# Nick and Norah's Infinite Playlist



## Ryuji Yamazaki (Oct 5, 2008)

If you liked Juno, you'll like this a lot more.

Michael Cera is awesome.


----------



## Jessica (Oct 5, 2008)

Michael Cera was in Superbad, wasn't he?

So did you see this movie? What's it like?


----------



## Purgatory (Oct 5, 2008)

Just another stupid-ass movie about nothing.


----------



## ~Gesy~ (Oct 5, 2008)

lacks fat boy drawing dicks


----------



## Rukia (Oct 5, 2008)

8.0/10.

Encouragement from Chee convinced me to go and I am glad I went. Just a really sweet romantic comedy. It wasn't packed full of laughs like Superbad, but it really kept be entertained. I think Michael Cera (Nick) really excels in these types of roles. He might just play himself though...all of his performances are similar. He's still very funny though. This was my first introduction to Kat Dennings (Norah) and I liked her as well.

 @ how much the gum traveled around in this movie. xD


----------



## escamoh (Oct 5, 2008)

it didn't seem to have the same kind of humor juno had

i'll probably check it out though


----------



## Republican (Oct 5, 2008)

Probably some stupid "quirky" indie shit like Juno. I'm not really interested.


----------



## Cardboard Tube Knight (Oct 5, 2008)

I am really going to have to see this movie, the reviews it got were pretty favorable and I can see that this looks decently funny and like something that might be something at least fun to watch. Cera is pretty fucking hilarious in everything he's in, just because of his awkwardness. 



Painkiller said:


> Just another stupid-ass movie about nothing.



Funny...it looked like it had a plot from what I saw.


----------



## KiKeV (Oct 5, 2008)

i got the soundtrack the other day, its amazing as well


----------



## excellence153 (Oct 5, 2008)

It looks like a pretty tight movie, but none of my friends are willing to see it.

Bootleg?  I think I might just.


----------



## Chee (Oct 5, 2008)

Looks good, rental though.

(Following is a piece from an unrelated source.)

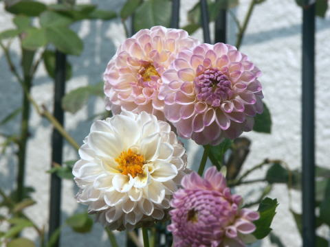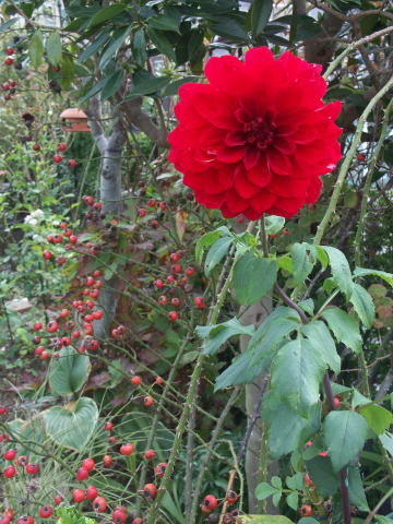 ダリア セクシーポーズ 開き始めも開いて蕊の部分が黄色くなった時も いつの時もなかなか可愛いし、いつの時の色も好きです 開きながら花びらが反り返りまん丸な球形になる どこから見ても可愛いでしょう~ | |

Don't think I'm going to the theatre for a long time.


----------



## Vonocourt (Oct 5, 2008)

Hwoarang said:


> If you liked Juno, you'll like this a lot more.

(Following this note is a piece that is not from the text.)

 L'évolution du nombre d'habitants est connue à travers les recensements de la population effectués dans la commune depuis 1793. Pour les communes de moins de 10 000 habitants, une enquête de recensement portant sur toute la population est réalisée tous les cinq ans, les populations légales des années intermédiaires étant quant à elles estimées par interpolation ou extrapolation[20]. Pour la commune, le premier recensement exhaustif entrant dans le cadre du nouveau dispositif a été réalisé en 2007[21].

I find that hard to believe.


----------



## Cardboard Tube Knight (Oct 5, 2008)

Vonocourt said:


> I find that hard to believe.



It lacks Ellen Page huh?


----------



## Vonocourt (Oct 5, 2008)

Cardboard Tube Knight said:


> It lacks Ellen Page huh?


That and uh..._Soupy sales references_...


----------



## MechaTC (Oct 5, 2008)

michael cera is a one trick pony : [


----------



## Wrathchild (Oct 5, 2008)

escamoh said:


> it didn't seem to have the same kind of humor juno had



Juno had humor?


----------



## Chee (Oct 5, 2008)

Wrathchild said:


> Juno had humor?



"You should've gone to China, you know, 'cause I hear they give away babies like free iPods. You know, they pretty much just put them in those t-shirt guns and shoot them out at sporting events. "

Yea, it _so_ didn't have humor.


----------



## Ryuji Yamazaki (Oct 5, 2008)

Jessica said:


> Michael Cera was in Superbad, wasn't he?



Yes, and he was the best part of it.




> So did you see this movie?



Yes.




> What's it like?



Like Juno, but a lot better.


----------



## excellence153 (Oct 5, 2008)

MechaTC said:


> michael cera is a one trick pony : [



That's why you've got Kat Dennings to save the film.

Her characters have more dimension.


----------



## Koi (Oct 5, 2008)

MechaTC said:


> michael cera is a one trick pony : [



True.  And I didn't even _like_ Superbad.


I know I won't be watching this in theaters.  If it's like, on TV or something, or I'm at a friend's house and they already have it on, maybe I'll watch it.  Otherwise I have no interest in this movie.  I tend to not watch 'teen' movies anyway.  I really don't like them.


----------



## Chee (Oct 5, 2008)

I didn't care much for Superbad, I loved Juno though.


----------



## Cardboard Tube Knight (Oct 5, 2008)

Chee said:


> I didn't care much for Superbad, I loved Juno though.



I liked both, Juno was better. But this movie has a pretty good review record and no one I know that has seen it says bad things.


----------



## Vonocourt (Oct 5, 2008)

I liked Superbad, but I haven't watched it a second time. I don't now if I would able to sit through the fat kid spewing constant hate on his so-called _"friends" _again.


----------



## Cardboard Tube Knight (Oct 5, 2008)

Vonocourt said:


> I liked Superbad, but I haven't watched it a second time. I don't now if I would able to sit through the fat kid spewing constant hate on his so-called _"friends" _again.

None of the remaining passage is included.